Approche 1 : arrêter avant la pesée
Arrête la créatine quatre à six semaines avant la pesée. Les réserves musculaires s'éliminent durant cette période et l'eau associée part avec elles, de sorte que tu arrives à la pesée avec 1 à 2 kg de moins que prévu.
Le compromis : tu perds les avantages sur la performance durant les dernières semaines du camp — qui est souvent la période d'entraînement la plus exigeante. Et tu auras besoin de trois à quatre semaines après la reprise pour te resaturer.
Approche 2 : continuer et en tenir compte
Maintiens ta consommation de créatine toute l'année et considère les 1–2 kg comme faisant partie de ton poids de base.
Le raisonnement : si ton poids est stable et que tu as planifié en conséquence, l'eau n'est pas un obstacle — c'est une constante connue. Tu conserves les bénéfices pour l'entraînement pendant tout le camp, et tu es saturé le jour de la compétition.
C'est une approche de plus en plus privilégiée par les spécialistes travaillant avec des athlètes qui compétitionnent fréquemment, car des arrêts répétés de quatre à six semaines signifient passer une grande partie de l'année en sous-saturation.
Laquelle choisir
| Situation | Tendance |
|---|---|
| Compétitions fréquentes (mensuelles ou plus) | Continuer |
| Un ou deux combats par an | Les deux options fonctionnent |
| Déjà très proche de la limite de poids | Discute de l'arrêt avec ton diététiste |
| Marge confortable par rapport à ta catégorie | Continuer |
| Envisage de monter de catégorie | Continuer |
| Pesées le jour même | Discute avec ton équipe — moins de temps de récupération |
Cette dernière ligne est importante. Les fédérations diffèrent sur le fait que les pesées aient lieu la veille ou le jour même, et plus la fenêtre de réhydratation est courte, plus chaque kilogramme compte. Les règles de ton sport devraient guider ta décision.
L'argument en faveur du maintien
Il vaut la peine d'être mentionné, car le réflexe est souvent d'arrêter.
Les sports de combat sont presque parfaitement adaptés à ce que fait la créatine — des efforts maximaux répétés avec une récupération incomplète, tout au long des rounds. Les échanges en lutte, les combinaisons de frappes, les transitions au sol. Le bénéfice de résistance à la fatigue est directement pertinent au troisième round.

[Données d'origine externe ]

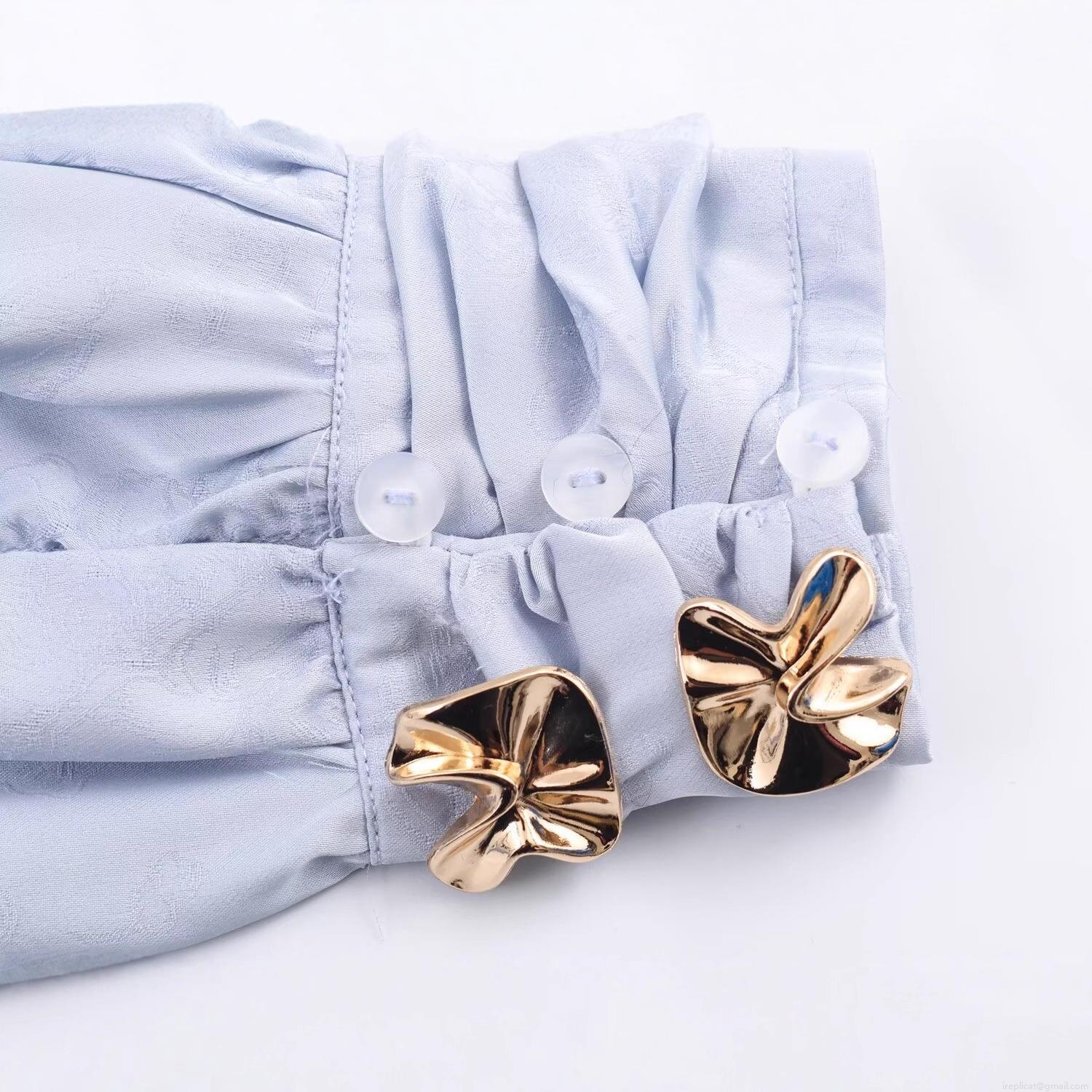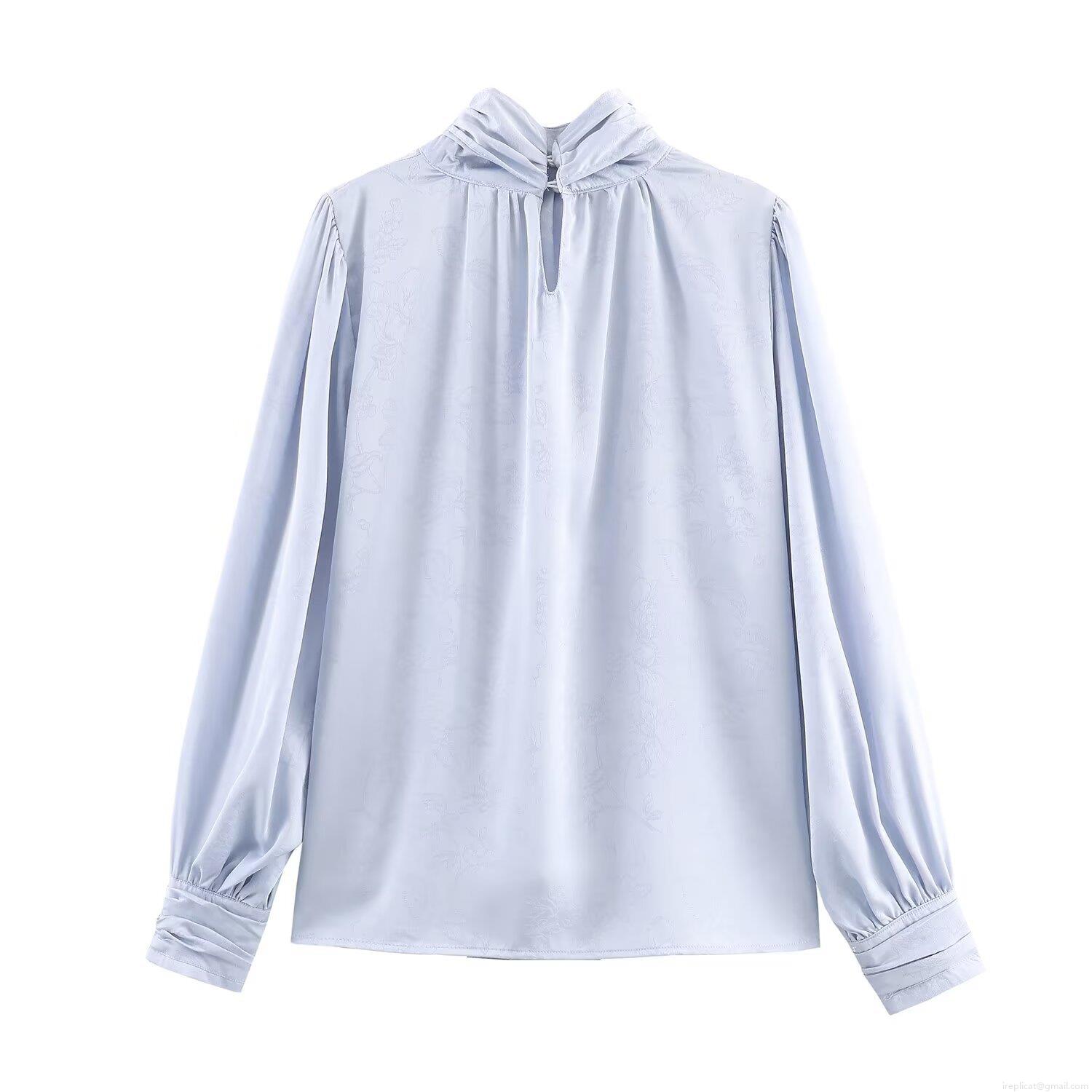 • Elegant Women Jacquard Silk Satin Blouse Bow Tie Neck Long Sleeve Shirt Floral Pattern Solid Light Blue Top For Office Work Party Streetwear Lady
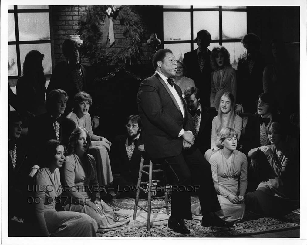 Caption on back reads: "Bass-baritone William Warfield joins the University of Illinois Madrigal Singers in a program of holiday music on the color television and radio special, 'How Far Is It to Bethlehem?'"
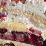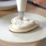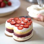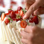 - Add more Chantilly and cover with some chopped strawberries. Spread a thin layer of Chantilly on the second meringue and flip (flat surface up).
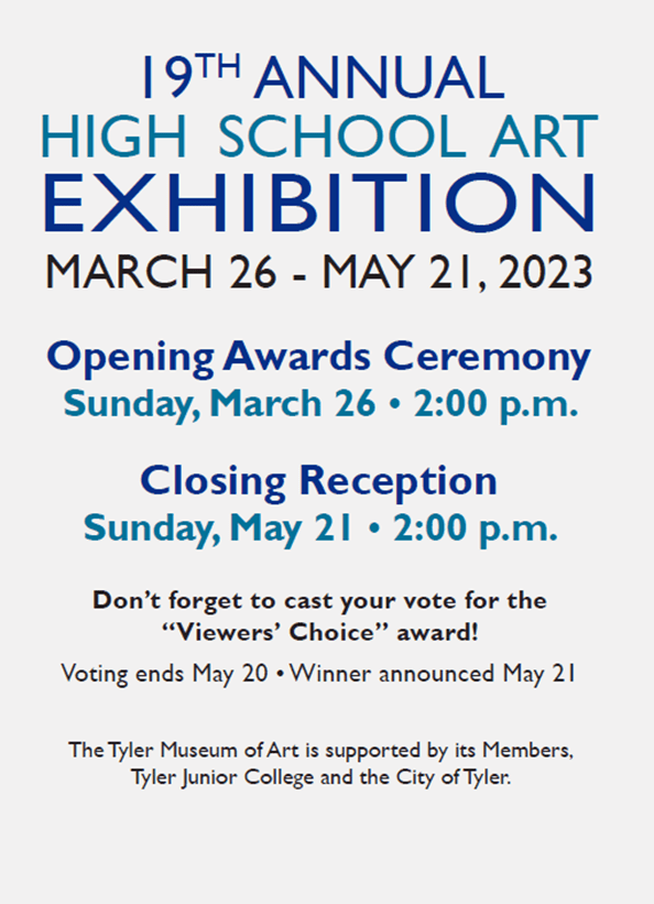 The High School Exhibition presents 96 artworks from East Texas high school art students. The goal is to celebrate art education in the East Texas community. The exhibition is generously sponsored by Betsy Ellis through the Ellis Family Foundation.
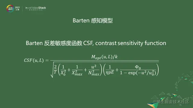 后面在此基础上做了更为复杂的Barten感知模型,更完整地描述了人眼对于不同亮度和空间的频率的响应情况。空间频率可以理解为细节程度,平坦的地方频域低,细节地方频域高。这个模型很复杂,感兴趣的话可以看一下paper原文。本次分享不考虑细节。
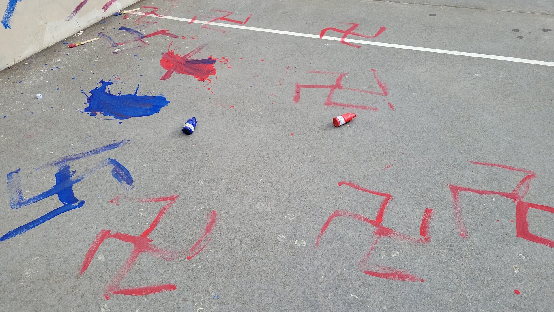 في وقت سابق من هذا الأسبوع، عثر الضباط على حوالي 16 صليبًا معقوفًا مرسومة على الزلاقات والجدران والأرض.
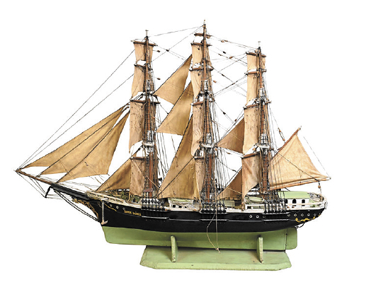 Three of the folk art pieces depicted ships in differing manners, including a watercolor on paper of a sailing American vessel rounding a coastline with a fortress in the foreground ($832), a 1930s handmade catboat weathervane with a painted wooden hull and copper and brass mast and sail ($512) and an all wood whaling barque model which measured 22 inches long ($512).
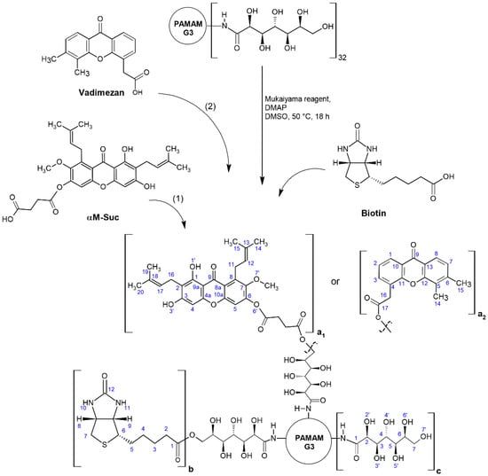 Synthesis of PAMAM G3gh dendrimer conjugates with α-mangostin (1) or vadimezan (2), and biotin attached via ester bond: (1) G3gh2B5M (a1 = 5, a2 = 0, b = 2, c = 25), (2) G3gh4B5V (a1 = 0, a2 = 5, b = 4, c = 23).

Couper le supplément pour faire le poids plus facilement, puis compétitionner en étant sous-saturé, est un compromis qu'il faut examiner plutôt que de simplement l'accepter.

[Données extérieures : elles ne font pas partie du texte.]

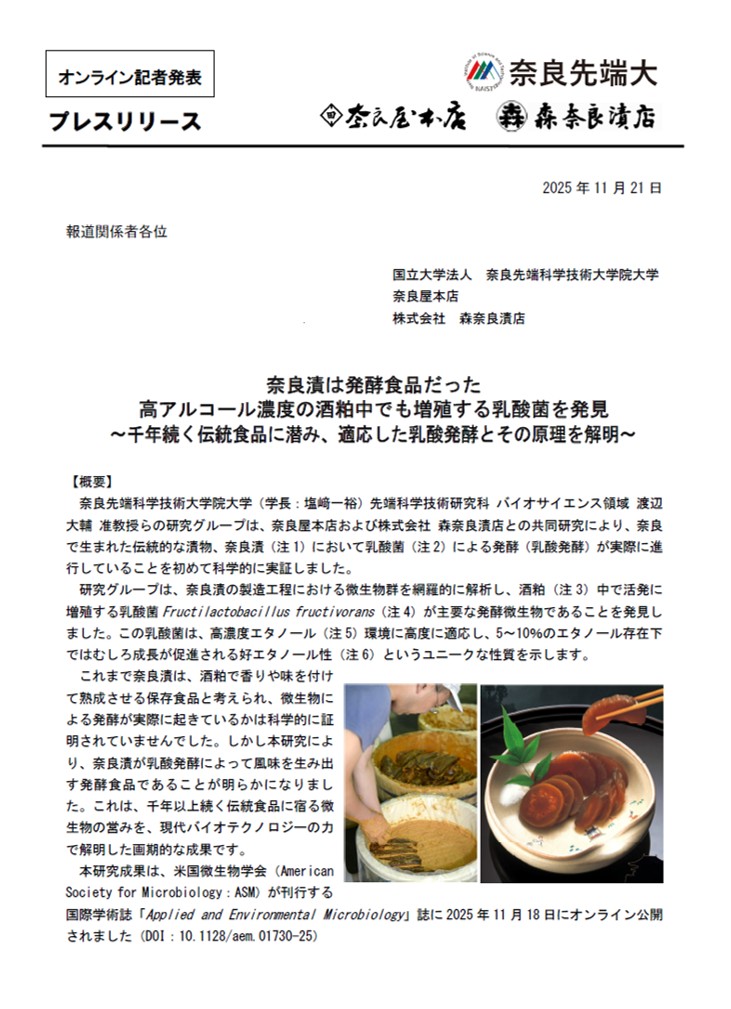 の発酵を支える乳酸菌を発見し、その成果を原著論文として発表いたしました。今回の研究は、奈良屋本店さん、森奈良漬店さんという奈良県内の老舗奈良漬メーカーの皆さまとタッグを組んで進めてきたものです。
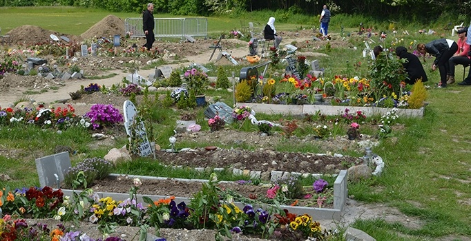 Mezarlıkta yakınları yatan Müslümanlar, polisin açıklamasıyla mezarlığa akın etti.

Ce que la créatine ne fait pas
Trois clarifications.
Elle ne cause pas de déshydratation. Les études examinant la créatine pendant l'exercice à la chaleur n'ont généralement trouvé aucune altération de la thermorégulation ou de l'état d'hydratation, et elle augmente l'eau corporelle totale plutôt que de la redistribuer. Voir créatine et hydratation.
Elle ne rend pas le « cutting » plus dangereux en soi. Le risque dans la perte de poids vient des méthodes utilisées, pas de la créatine.
Ce n'est pas un agent masquant et ce n'est pas interdit. La créatine ne figure pas sur la liste des substances interdites de l'AMA. Les athlètes testés devraient tout de même utiliser des produits certifiés par des tiers en raison du risque général de contamination des suppléments — voir la contamination dans les suppléments.
Résumé pratique
Décide avec ton diététiste et ton entraîneur, en fonction de ta marge par rapport à ta catégorie et de ta fréquence de compétition. Si tu coupes si près que 1 à 2 kg font toute la différence, la conversation la plus utile serait probablement de savoir si tu es dans la bonne catégorie de poids.
Information générale sur un produit de santé naturel, ceci n'est pas un avis médical. La gestion du poids dans les sports de combat doit être supervisée par des professionnels qualifiés.